There is a clear distinction between morality and law. It is something different that law itself has a moral force, but at the same time the law as indicated by the legislature or by the executive which still holds the field is to be respected and has to be enforced by the executive as it exists. It has to be enforced in order to prevent the commission of any offence as well. This can be clearly inferred from the nature of the incidents that are likely to occur or do occur in the circumstances in which the present policing has begun, they are of the nature of offences as described in Sections – 294, 354A, B, C, & D as well as Section – 509 of the Indian Penal Code. The offences under the aforesaid sections are cognizable offences, and, Section – 149 of the Criminal Procedure Code enjoins upon the police authorities to take all such action that may be required for the prevention of any such offence.
Not only this, apart from the offences defined under the Indian Penal Code, the Police Act, 1861 read with U.P. Police Regulations also authorise the patrolling and policing through methods as prescribed therein. Section – 12 of the Police Act, 1861 read with Section – 23 & Section – 34 clearly indicate the powers which are available to the police to formulate such schemes subject to the approval of the State Government in order to implement and enforce the laws as defined under the Penal Code and also under the Criminal Procedure Code by defining the manner in which it is to be executed and also prescribing the duties of the police officers.
The Police Act, 1861 also prescribes the punishment for certain offences and the seventh explanation to Section – 34 of the 1861 Act also is an indicator in relation to such offences, the policing whereof are now being enforced under the directives of the Director General of Police. The police are also authorised to patrol in plain clothes as per Regulation – 194 of Chapter – XVIII of the U.P. Police Regulations. Shadow surveillance or open surveillance of a suspect is, therefore, permissible, subject to the fundamental rights guaranteed under the Constitution.

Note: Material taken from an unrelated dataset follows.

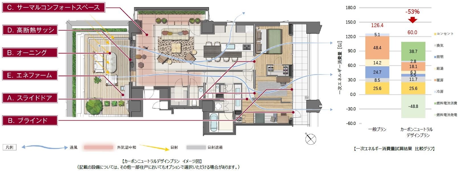 (1)カーボンニュートラルデザインプラン※3 ~一次エネルギー消費量削減率約▲53%を達成~

It is observed that surveillance also may include at times the capturing of images, for example through CCTV Cameras or even mobile phones in order to track any unlawful activity. If the said tracking is with a lawful intention and for a lawful purpose then in that event, it cannot be said that it has been done with the intention of trying to invade the privacy of a person so as to constitute an offence.

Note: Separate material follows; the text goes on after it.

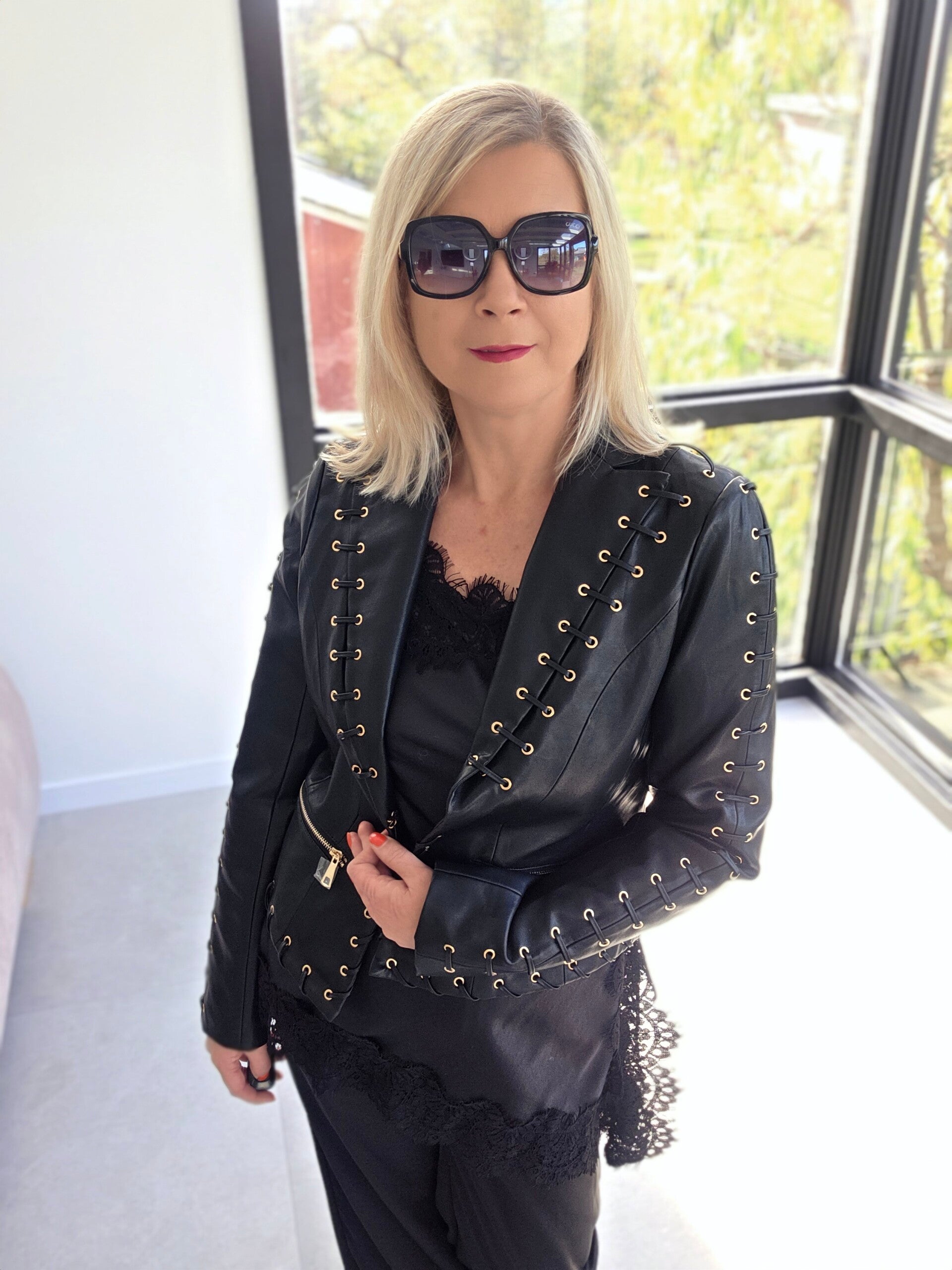 Kunstlederjacke „Lace-Up“ – mit Schnürdetails

It is the duty of the every citizen as well as of the State to come to the aid of women keeping in view the provisions contained in Article – 51A (e)(j) of the Constitution of India.
The court was unable to gather any lawful or otherwise constitutional defect in the attempt so made by the respondents in proceeding to form the squads for the purpose of policing. It is something different that there may be a dispute with regard to the name of the squad or any objection relating thereto but the court was not called upon to adjudicate on the said issue as it is always open to the State Government to rename the squad appropriately so as not to offend the feelings of any person.